How to query Apache Arrow with chDB

Apache Arrow is a standardized column-oriented memory format that's gained popularity in the data community. In this guide, we will learn how to query Apache Arrow using the Python table function.

Setup

Let's first create a virtual environment:

python -m venv .venv
source .venv/bin/activate

And now we'll install chDB. Make sure you have version 2.0.2 or higher:

pip install "chdb>=2.0.2"

And now we're going to install pyarrow, pandas, and ipython:

pip install pyarrow pandas ipython

We're going to use ipython to run the commands in the rest of the guide, which you can launch by running:

ipython

You can also use the code in a Python script or in your favorite notebook.

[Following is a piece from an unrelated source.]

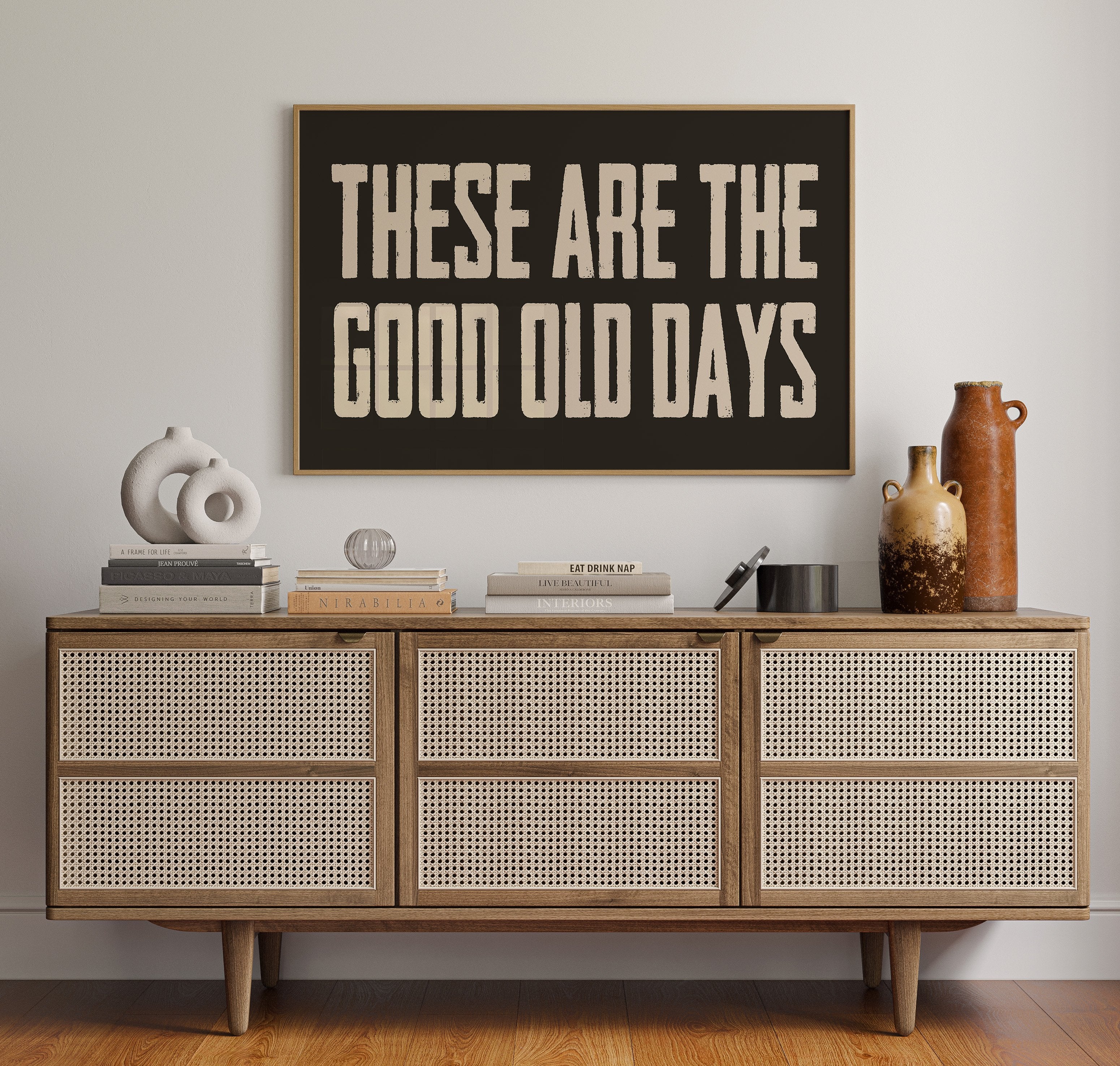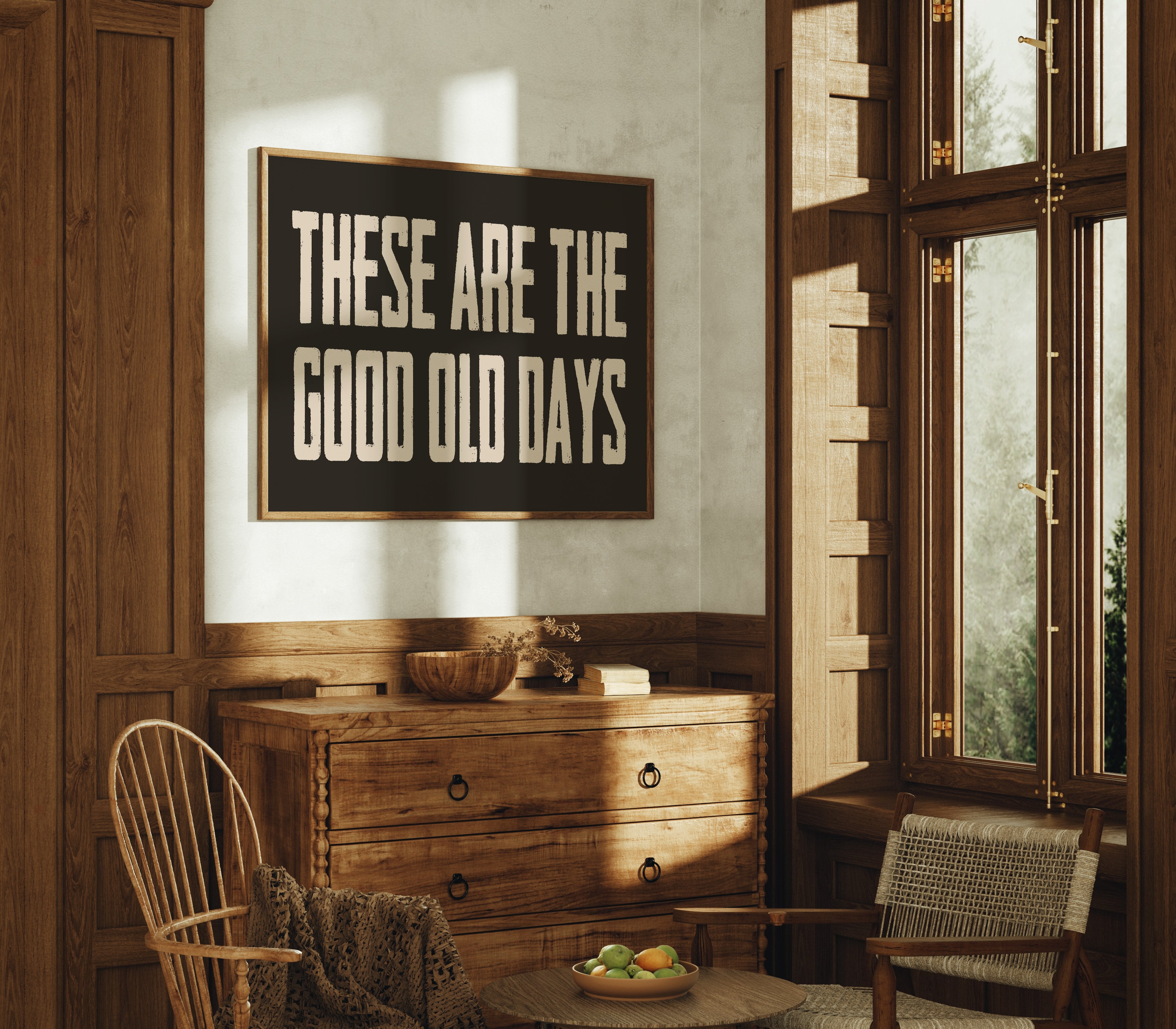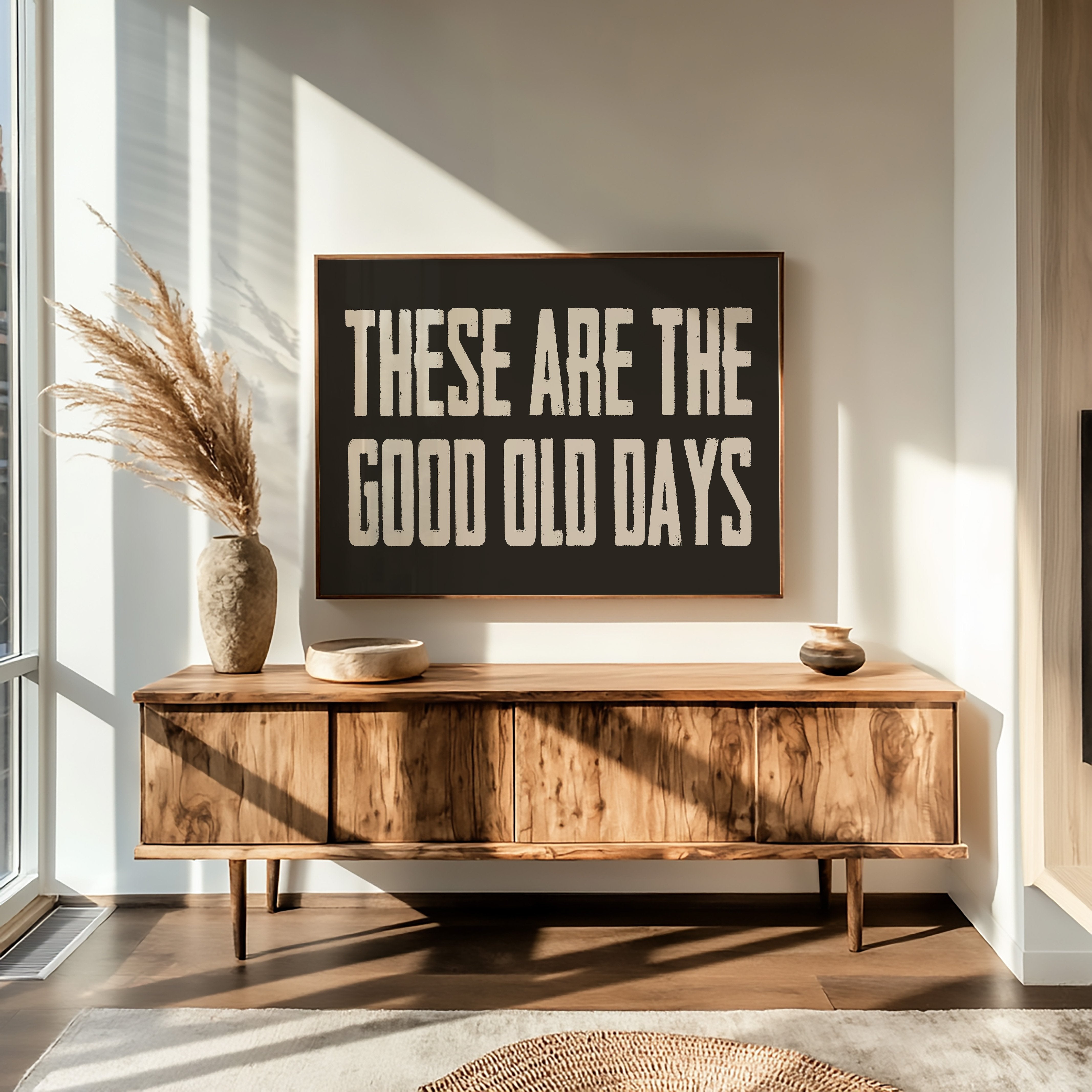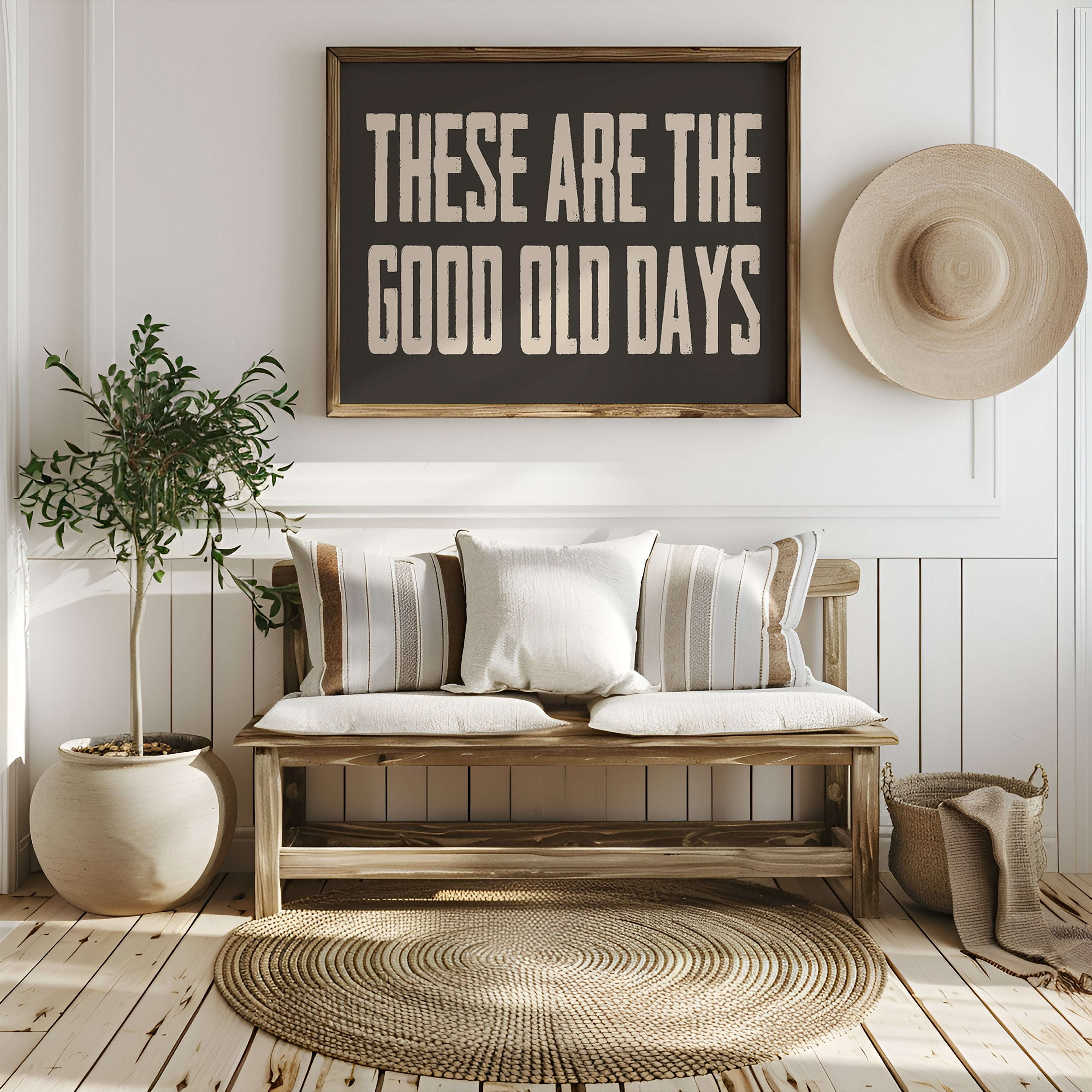 Nostalgia hangs in the air like the scent of rain on warm pavement. Bold, weathered typography creates a statement that resonates with the soula reminder of simpler moments when joy was found in unhurried conversations and sunset drives. The stark contrast between cream lettering and deep brown background evokes the feel of vintage signage, where messages were meant to last generations rather than moments. This statement piece brings character to a modern farmhouse kitchen, industrial loft space, or as a focal point in a reading nook where memories are cherished and new ones begin.

Creating an Apache Arrow table from a file

Let's first download one of the Parquet files for the Ookla dataset, using the AWS CLI tool:

aws s3 cp \
--no-sign \
s3://ookla-open-data/parquet/performance/type=mobile/year=2023/quarter=2/2023-04-01_performance_mobile_tiles.parquet .
Note

If you want to download more files, use aws s3 ls to get a list of all the files and then update the above command.

Next, we'll import the Parquet module from the pyarrow package:

import pyarrow.parquet as pq

And then we can read the Parquet file into an Apache Arrow table:

arrow_table = pq.read_table("./2023-04-01_performance_mobile_tiles.parquet")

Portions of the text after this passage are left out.